Summarized, our deployment of capital in our Investment segment to date, through the end of the second quarter, the company had funded several cannabis-related debt and equity investments totaling CAD 354.5 million, including CAD 187.6 million to the SunStream joint venture. These investments generated CAD 9.4 million in investment revenue in the second quarter, including interest, fees and realized and unrealized gains on marketable securities. On July 7, 2021, the company announced it has increased its commitment to the SunStream joint venture to CAD 538 million from the previously announced commitment.
In the second quarter, the company's portfolio of credit-related investments generated an annualized rate of return of approximately 13%. Sundial continues to strategically deploy its capital with a focus on maximizing cash flows and shareholder value. For example, on May 4, 2021, Sundial announced that it acquired 10.1% of the issued and outstanding common shares of The Valens Company.
Now, I would like to invite Andrew Stordeur, President and COO of Sundial, to provide remarks related to cannabis operations.
Andrew Stordeur - President & COO
Thank you, Jim. Throughout the first half of this year, our top priority within cannabis operations has been on improving our cultivation consistency with a focus on the premium inhalable segment. While progress has been substantial, we continue to see tremendous opportunity for increased improvements with our facility operations for the balance of 2021.
Let me review some of the progress we have made over the second quarter of 2021. Sundial's commitment to cultivation excellence and our small batch at scale approach has been developed around 3 pillars of focus: people, process and plants. In terms of people, we continue to configure our supply and operations teams to adapt to the industry dynamics.
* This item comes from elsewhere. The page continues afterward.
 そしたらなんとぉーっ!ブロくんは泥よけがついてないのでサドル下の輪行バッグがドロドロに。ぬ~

We recently implemented a new pot structure inside of our old facility to increase efficiency and effectiveness across all functions. One of the primary objectives of our supply chain moving forward will remain on driving a simplified SKU assortment with a focus on core inhalable offerings. Year-to-date, we have taken a different approach on product innovation versus our industry peers, as we have simplified our SKUs nationally by 65%. We are excited about our revised innovation pipeline for the balance of the year and remain focused on margin-accretive offerings that supplement our existing core portfolio.
Our second cultivation pillar is around process. We have implemented several improvements inside of our grow rooms, primarily focused on room environment, plant maintenance and fertilization. In Q2, we achieved the company's strongest cultivation result in May and June of 2021 with an average THC potency greater than 20% and yields above target. These products will be available to consumers in Q3 2021. We have completed commissioning on our new fully automated pre-roll machine, which has allowed us to double our annual production capacity, while significantly reducing costs. Current capacity sits at 14,000 units per shift with further opportunity to increase over time.
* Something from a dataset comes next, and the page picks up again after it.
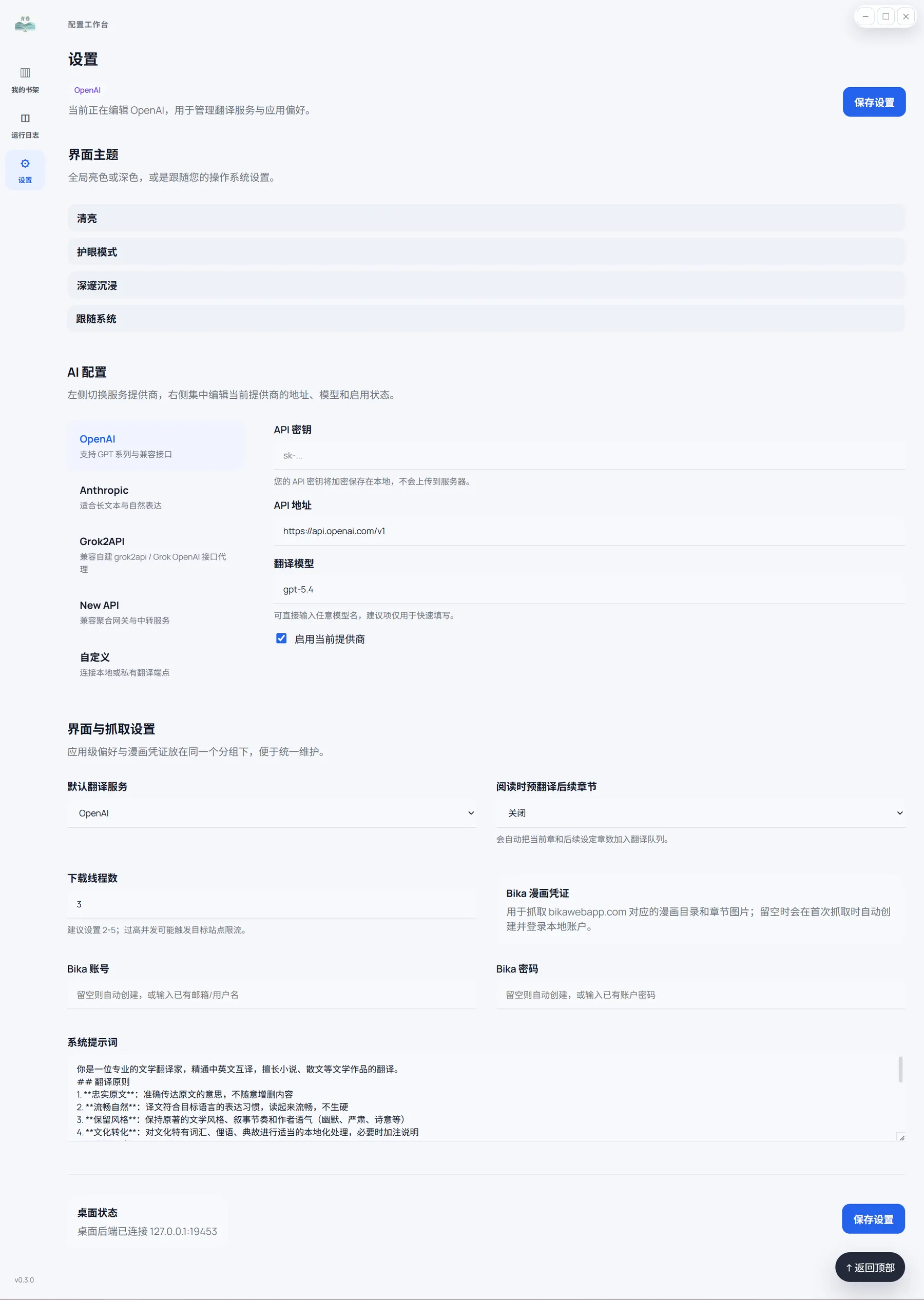 - 漫画翻译:后端内置 OpenAI 兼容图片编辑接口,直接输出翻译后图片与逐页译文,无需借助第三方工具,漫画翻译一体化完成。翻译目标语言可自由设置,软件自动识别原文语言,确保翻译精准度。

Through a comprehensive review of our Sundial portfolio, we launched 3 new Palmetto cultivars in the second quarter of 2021 and shipped approximately 9,300 cases across the country. The initial consumer feedback on all 3 strains has been positive. During Q2 2021, Sundial also launched 2 concentrate products to the Province of Quebec, a sativa hash and an indica hash.
Our third cultivation pillar is around plants. Now, I'm very proud of our team inside of our old facility as they have been working hard over the past year on fully revamping our genetic R&D capability. Early results from this work are promising, particularly around potency terpene profiles and plant yield. We entered the commercial filing stage for 13 new cultivars in the second quarter of 2021, some of which are exclusive to Sundial. The preliminary outcomes from these new cultivars provide results averaging higher than 22% THC and greater than 2% on terpenes. These cultivars are expected to be harvested in Q3 2021 and selected for limited release by year-end.
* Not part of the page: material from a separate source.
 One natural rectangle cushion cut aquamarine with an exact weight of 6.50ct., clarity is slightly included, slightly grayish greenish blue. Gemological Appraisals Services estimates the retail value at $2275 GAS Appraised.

Subsequent to the second quarter, Sundial has begun final packaging and is expected to launch a 28-gram LA Kush Cake format under the Top Leaf brand in select provinces. We believe a large format premium offering in flower will provide consumers the choice and quality as expected from our Top Leaf brand, which is hand-dried, slow-cured, individually-inspected, hand-manicured and hand-bottled for a differentiated experience.
I'd like to turn our attention to Sundial's acquisition of Spiritleaf. Spiritleaf has done a tremendous job in growing the banner network to over 100 locations. We believe an optimal assortment of top selling products, coupled with a consistent premium shopping experience, will continue to differentiate the Spiritleaf store network. Our integration work continues to progress as we look to unlock further growth opportunities and strong partnerships with our franchisee leaders across the country. We will also be launching the Spiriteaf Franchisee Advisory Council to engage our franchisees and to obtain feedback and collaboration on strategic initiatives to drive the continued growth and success of the Spiritleaf banner.
Our balance sheet strength allows us to position ourselves for the normalization of market conditions that is expected to evolve over the next few years, without pursuing a short-term market share and unsustainable margins at all cost approach. We remain focused and have momentum around our cultivation excellence aspirations. While we need to balance cost and return, we continue to invest in capability improvements inside our cannabis operations as a key enabler to unlocking value for consumers and customers across the country.
With that, I'd like to turn the call back to Zach for closing remarks.
Zachary Ryan George - CEO & Non Independent Director
Thank you again for joining us today. This is an exciting time to be in the cannabis space. We remain very optimistic as we continue to execute against our strategy. I hope that you and your families remain safe and healthy and had an opportunity to enjoy the summer season. We look forward to updating you on further progress that Sundial makes as the year progresses.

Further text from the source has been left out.